Personal information
- Native name: Deirdre Níc Aodha (Irish)
- Born: Toomevara, Ireland

Sport
- Sport: Camogie
- Position: Full forward

Club
- Years: Club
- 1990-2005: Toomevara

Inter-county
- Years: County
- 1990-2005: Tipperary

Inter-county titles
- All-Irelands: 5
- All Stars: 2 (1 unofficial)

= Deirdre Hughes =

Deirdre Hughes is a former camogie player selected on the camogie team of the century in 2004, and winner of All Ireland medals in 1999, 2000, 2001, 2003, and 2004.

==Background==
She came to prominence when Toomevara won the Tipperary County Minor championship three years in a row, and won six successive senior county championships.

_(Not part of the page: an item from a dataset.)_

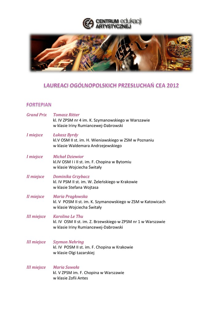 Grand Prix Tomasz Ritter kl. IV ZPSM nr 4 im. K. Szymanowskiego w Warszawie w klasie Iriny Rumiancewej-Dabrowski I miejsce Łukasz Byrdy kl.V OSM II st. im. H. Wieniawskiego w ZSM w Poznaniu w klasie Waldemara Andrzejewskiego I miejsce Michał Dziewior kl.IV OSM I i II st. im. F. Chopina w Bytomiu w klasie Wojciecha Świtały II miejsce Dominika Grzybacz kl. IV PSM II st. im. W. Żeleńskiego w Krakowie w klasie Stefana Wojtasa II miejsce Maria Pragłowska kl. V POSM II st. im. K. Szymanowskiego w ZSM w Katowicach w klasie Wojciecha Świtały III miejsce Karolina Le Thu kl. IV OSM II st. im. Z. Brzewskiego w ZPSM nr 1 w Warszawie w klasie Iriny Rumiancewej-Dabrowski III miejsce Szymon Nehring kl. IV POSM II st. im. F. Chopina w Krakowie w klasie Olgi Łazarskiej III miejsce Maria Suwała kl. V ZPSM im. F. Chopina w Warszawie w klasie Zofii Antes Grand Prix Daniel Strządała kl. IV POSM I i II st. im. S. Moniuszki w Bielsku-Białej w klasie Urszuli Jasieckiej-Bury I miejsce Karolina Danek kl. V PSM II st. im. W. Żeleńskiego w Krakowie w klasie Prof. Elżbiety Stefańskiej II miejsce Karolina Kapela kl. IV POSM II st. im. M. Karłowicza w Poznaniu w klasie Barbary Muchy III miejsce Joanna Jaszczyk kl. IV POSM I i II st. im. S. Moniuszki w Bielsku-Białej w klasie Urszuli Jasieckiej-Bury III miejsce Weronika Kłosiewicz kl. IV OSM II st. im. Z. Brzewskiego w ZPSM nr 1 w Warszawie w klasie Beaty Popis Grand Prix Klara Poznachowska kl. IV POSM I st. im. E. Młynarskiego w ZPSM nr 1 w Warszawie w klasie Aliny Baranowskiej I miejsce Wojciech Trefon kl. V POSM I i II st. im. S./ Moniuszki w Bielsku-Białej w klasie Ewy Jaślar-Walickiej II miejsce Zuzanna Wąsiewicz kl. V OSM I i II st. im. H Wieniawskiego w Łodzi w klasie Doroty Szyszkowskiej-Janiak III miejsce Anna Zemła kl. IV SM I i II st. im. B. Rutkowskiego w Krakowie w klasie Agnieszki Grela III miejsce Aleksandra Augustyn kl. V POSM I i II st. im. S. Moniuszki w Bielsku-Białej w klasie Ewy Jaślar-Walickiej III miejsce Rozalia Dmochowska kl. V POSM nr 1 im. H. Wieniawskiego w Poznaniu w klasie Cecylii Matysik-Ignyś sssssssssssssssssssss III miejsce Julia Łopuszyńska kl. IV II st. ZPSM nr 4 im. K. Szymanowskiego w Warszawie w klasie Anny Sikorzak-Olek III miejsce Amelia Tokarska kl. IV II st. POSM I I II st. im. S. Moniuszki w Bielsku0Białej w klasie Ewy Jaślar-Walickiej Grand Prix Mateusz Makuch kl. V OSM II st. im. H. Wieniawskiego w ZSM w Poznaniu w klasie Bartosza Bryły I miejsce Aleksandra Bucholc kl.V OSM II st. im. Z. Brzewskiego w ZPSM nr 1 w Warszawie w klasie Magdaleny Szczepanowskiej I miejsce Celina Kotz kl. V Poznańskiej OSM II st. um. M. Karłowicza w klasie Kariny Gidaszewskiej I miejsce Roksana Kwaśnikowska kl. V OSM II st. im. Z. Brzewskiego w ZPSM nr 1 w Warszawie w klasie Jana Staniendy II miejsce Ada Dobrowolska kl. IV OSM II st. im. Z. Brzewskiego w ZPSM nr 1 w Warszawie w klasie Andrzeja Gębskiego II miejsce Mateusz Gidaszewski kl. V Poznańskiej OSM II st. im. M. Karłowicza w klasie Kariny Gidaszewskiej II miejsce Krzysztof Katana kl. V POSM I i II st. im. S. Moniuszki w Bielsku Białej w klasie Krzysztofa Stolarza III miejsce Gwidon Ciężarek kl. V ZSM im. F. Nowowiejskiego w Szczecinie w klasie Małgorzaty Gajewskiej-Makulec III miejsce Katarzyna Goliat kl. IV OSM I i II st. im. F. Nowowiejskiego w Gdańsku w klasie Krystyny Jureckiej III miejsce Magdalena Heinz kl. V ZSM im. F. Nowowiejskiego w Szczecinie w klasie Michiłą Cebrija III miejsce Damian Kułakowski kl. V OSM II st. im. Z. Brzewskiego w ZPSM nr 1 w Warszawie w klasie Magdaleny Szczepanowskiej III miejsce Agnieszka Podłucka kl. V OSM II st. im. Z. Brzewskiego w ZPSM nr 1 w Warszawie w klasie Ewy Kowar-Mikołajczyk III miejsce Jan Pietkiewicz kl. V OSM II st. im. Z. Brzewskiego w ZPSM nr 1 w Warszawie w klasie Magdaleny Szczepanowskiej III miejsce Sławomira Wilga kl. V OSM I i II st. im. F. Chopina w Bytomiu w klasie Joanny Cogiel III miejsce Marta Sikora kl. V OSM II st. im. H. Wieniawskiego w ZSM w Poznaniu w klasie Bartosza Bryły I miejsce Katarzyna Denkiewicz kl. V OSM II ST. w ZPSM nr 4 im. K. Szymanowskiego w Warszawie w klasie Ryszarda Duzia I miejsce Katarzyna Średzińska kl. IV PSM II ST. im. R. Bukowskiego we Wrocławiu w klasie Bożeny Nawojskiej II miejsce Ewa Więcek kl. IV ZSM im. I.J. Paderewskiego w Tarnowie w klasie Urszuli Pikusy III miejsce Aleksandra Hładyniuk OSM I i II ST. im. K. Lipińskiego w Lublinie w klasie Teresy Szeli I miejsce Maciej Kułakowski kl. IV OSM I i II st. im. F. Nowowiejskiego w Gdańsku w klasie Jadwigi Ewald I miejsce Adam Mazurek kl. V POSM II st. im. M. Karłowicza w Poznaniu w klasie Stanisława Pokorskiego I miejsce Daria Grzegorz kl. V PSZM im. A. Rubinsteina w Bydgoszczy w klasie Iwony Michalak II miejsce Jakub Dubik kl. IV PSM I i II st. im. F. Chopina w Opolu w klasie Agnieszki Płoszejowskiej II miejsce Mikołaj Wojciechowski kl. IV ZPSM im. K. Wiłkomirskiego w Elblągu w klasie Moniki Juszko III miejsce Agata Bąk kl. V POSM II st. im. K./ Szymanowskiego w Katowicach w klasie Pawła Głombika III miejsce Barbara Warchalewska kl. IV POSM II st. im. M. Karłowicza w Poznaniu w klasie Tomasza Lisieckiego III miejsce Agata Paśnik kl. IV OSM I i II st. im. K. Szymanowskiego we Wrocławiu w klasie Tadeusza Melki III miejsce Krystyna Wiśniewska kl. IV OSM II st. im. Z. Brzewskiego w ZPSM nr 1 w Warszawie w klasie Andrzeja Orkisza III miejsce Tomasz Śmigielski kl. V. ZSM im. F. Chopina w Pile w klasie Antoniny Kasprzak-Górskiej I miejsce Paweł Prucnal kl. IV Niepubliczna SM II st. w Dębicy w klasie Roberta Piękosia I miejsce Rafał Gorczyński kl. IV OSM I i II st. im. F. Nowowiejskiego w Gdańsku w klasie Beaty Leszczyńskiej II miejsce Andrzej Zieliński kl. IV PSM II st. im. J> Elsnera w ZPSM nr 1 w Warszawie w klasie Adama Kotuli II miejsce Michał Kuźnicki kl. IV PSM II st. Im. R. Bukowskiego we Wrocławiu w klasie Tomasza Borskiego III miejsce Piotr Rogacki kl.V ZSM im.

She was a prominent member of the Tipperary team that won the Junior All Ireland in 1991 and captained the Intermediate team to All Ireland success in 1997. She won eight successive Gael Linn Cup inter-provincial medals with Munster.

==Breakthrough==
In 1999 when Tipperary made the long-awaited break through and won the O'Duffy Cup she won the RTÉ “Player of the Match”. Among her most dramatic scores as the equalising point against Cork two minutes into injury time of the 2001 All Ireland semi-final in Mullingar. She scored both of Tipperary's goals in that match.

==Awards==
She won the Jury's/Independent Sports Star of the Week and Munster GAA Council Camogie Player of the Year in 1999, the Jury's/Independent Sports Star Award and "The Star Player of the Match" after the 2001 All Ireland and was selected on first ever All Star Lynchpins Camogie team, a predecessor the official All Stars in 2003 before winning an official All Star award in 2004.

==Citation==
Her team of the century citation read: "a brilliant individual player she is also the quintessential team player. She is a great playmaker, always ready to give or take a pass and give encouragement to those around her. Quick to turn, she can lose her marker in a second. A prolific scorer, when she moves goal wards she causes havoc. One of the most popular and respected of the modern day stars; she was the only current inter-county player to be chosen on the team."